A sampan appears. Low to the black water and grenade distance from my post on the shore, it sails out of the mist that descended at nightfall.
Yesterday morning I was given my assignment: I am one of a ten-man squad to be deployed to an island at the edge of a large bay. I’ll keep watch on the beach while the others plant mines. We sail out at 04:00. In the briefing I was told to look out for indigenous vessels, junks and sampans. Later that day Pinky and Mills and I were walking to the chow hall when the lieutenant yelled over his shoulder, “Seaman Shepherd! Don’t fuck this up.” Mills and Pinky laughed. Pinky said, “You can’t watch for sampans on the bay at night.” I asked why, and all he said was, “You’ll see.”
Three men ride in the sampan, two at either end and one in the middle; the conical peaks of their paddy hats are pressed close to their heads. They paddle out of an inlet at the far end of the beach. Their arms move in graceful downward arcs. The oars dip; the water ripples. The oars come up; the water ripples again, and the canoe pushes forward. The one sitting in the middle trails his hand along the surface of the bay.

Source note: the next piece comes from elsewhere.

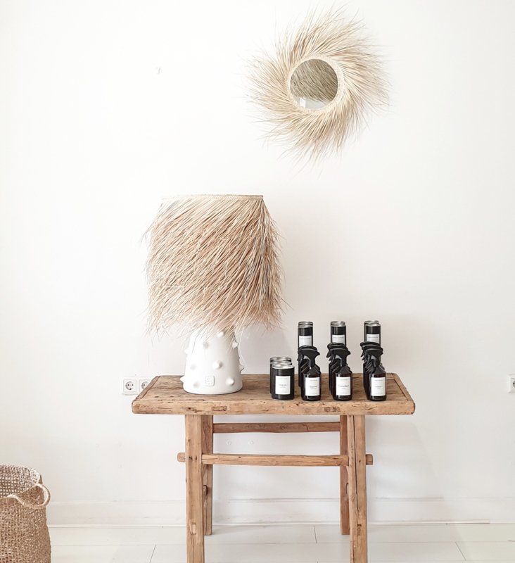 De spiegel is gemaakt van palmleaf, het nieuwe blad kan in het begin nog iets groen zien maar na verloop van tijd zal het palmleaf verkleuren naar Naturel.

Between his legs sits a large sack of something heavy and soft, creased in the middle and slumping over on itself. The sampan is black and wooden, less than two feet high with ends that turn up like a banana’s. The men sit straight as toothpicks, squinting against the beam from my flashlight. The boat does not list.
I fire two warning shots in the air.
“Identify yourselves!”
The men in the boat throw up their hands and in their haste one of their oars falls into the water.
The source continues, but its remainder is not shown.